WHAT THE TASK ASKS> Leave out pictures; repeat exactly the lines from the "NEKKO puszka pies" line through the last of the data below.

SOURCE MATERIAL>
▶

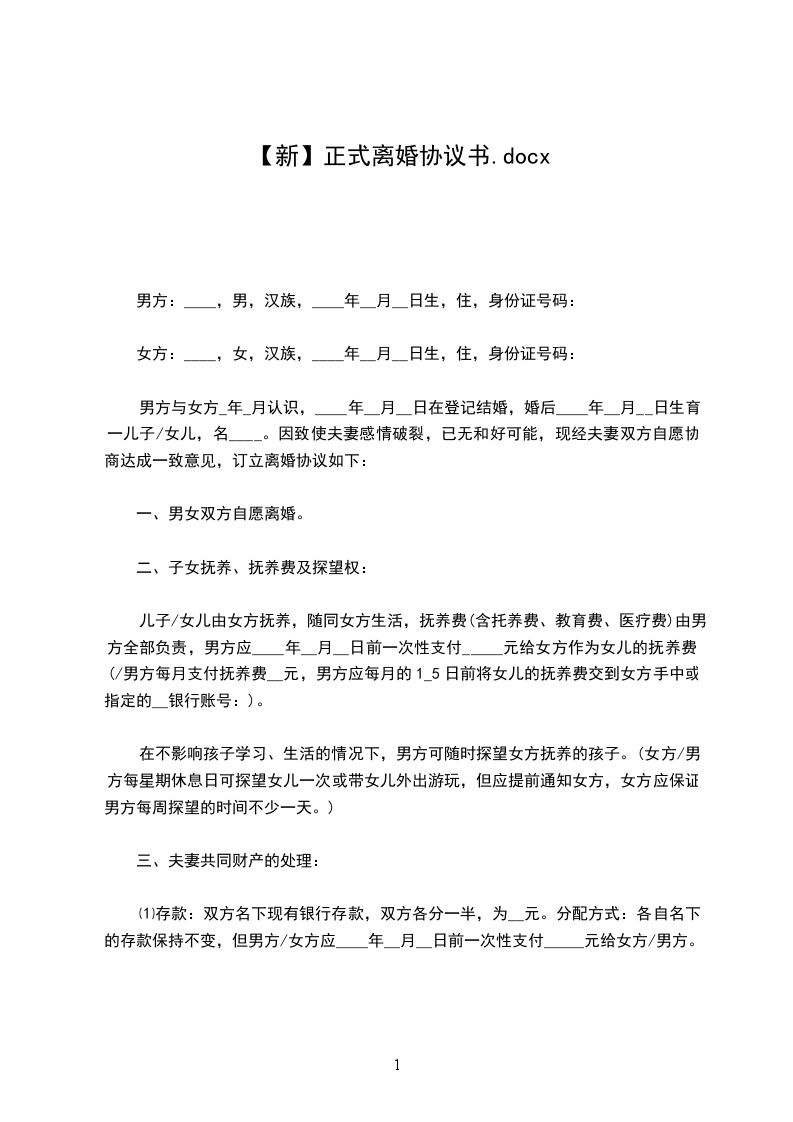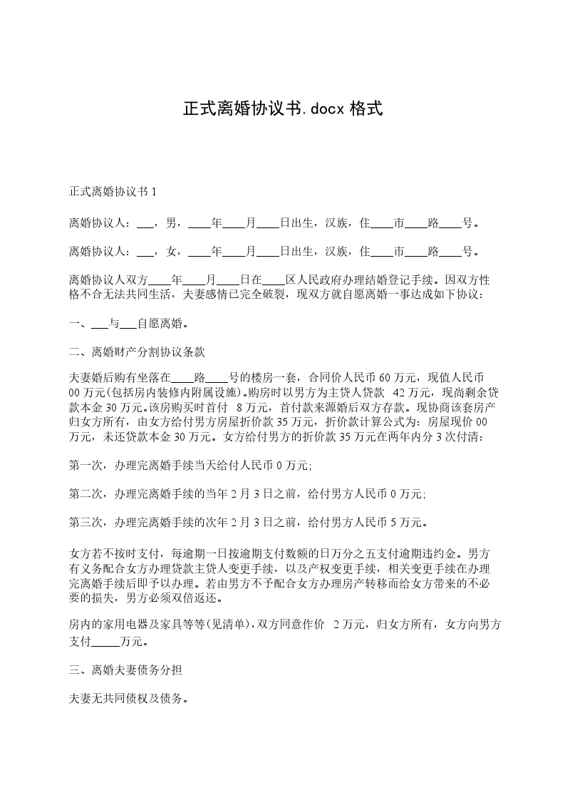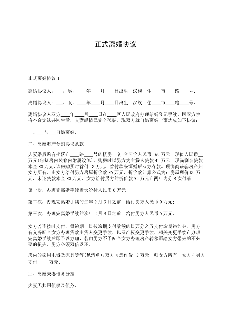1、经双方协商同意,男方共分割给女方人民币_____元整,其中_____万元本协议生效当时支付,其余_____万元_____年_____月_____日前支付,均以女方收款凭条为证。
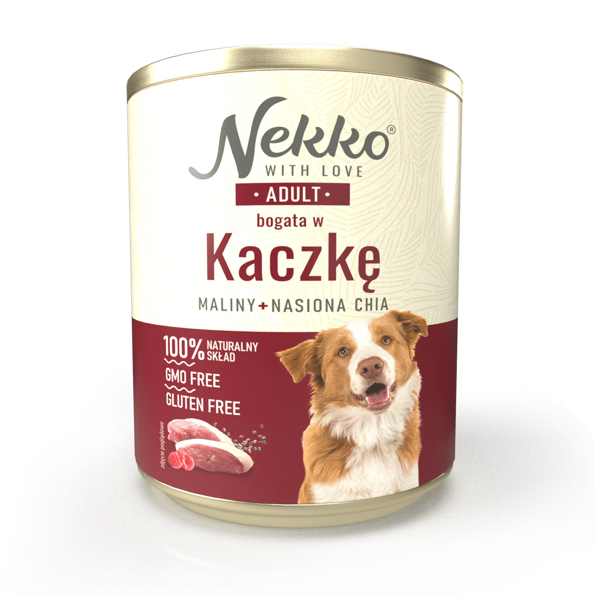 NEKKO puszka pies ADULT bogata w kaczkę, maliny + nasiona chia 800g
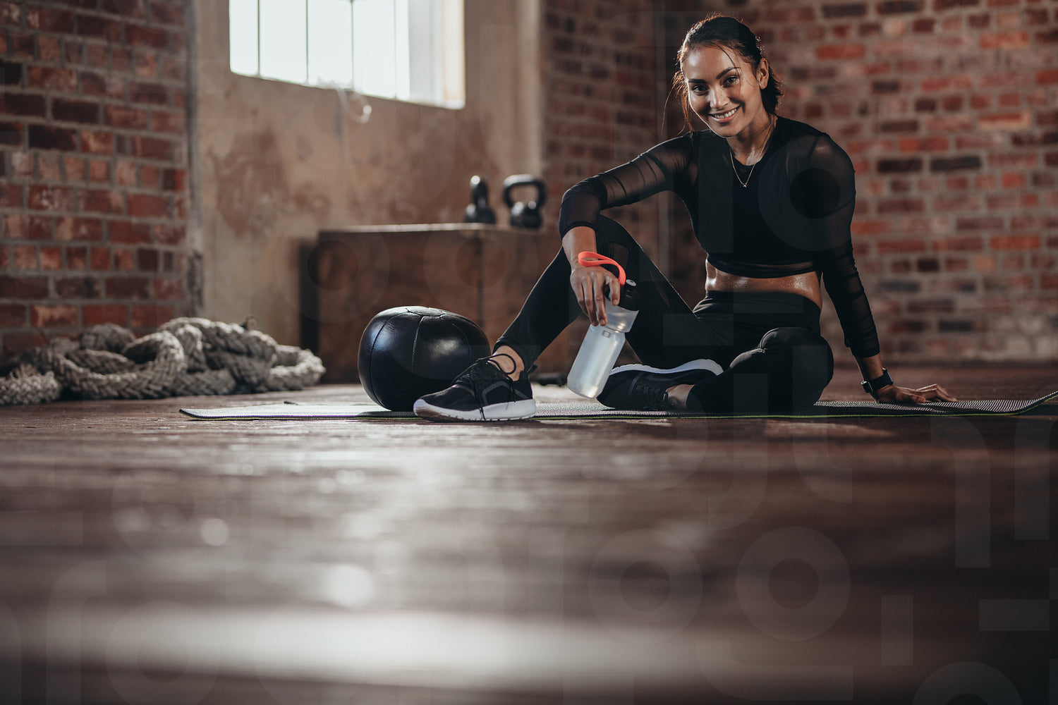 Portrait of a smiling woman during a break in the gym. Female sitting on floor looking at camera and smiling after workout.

◀

TASK RESULT>
 NEKKO puszka pies ADULT bogata w kaczkę, maliny + nasiona chia 800g
 Portrait of a smiling woman during a break in the gym. Female sitting on floor looking at camera and smiling after workout.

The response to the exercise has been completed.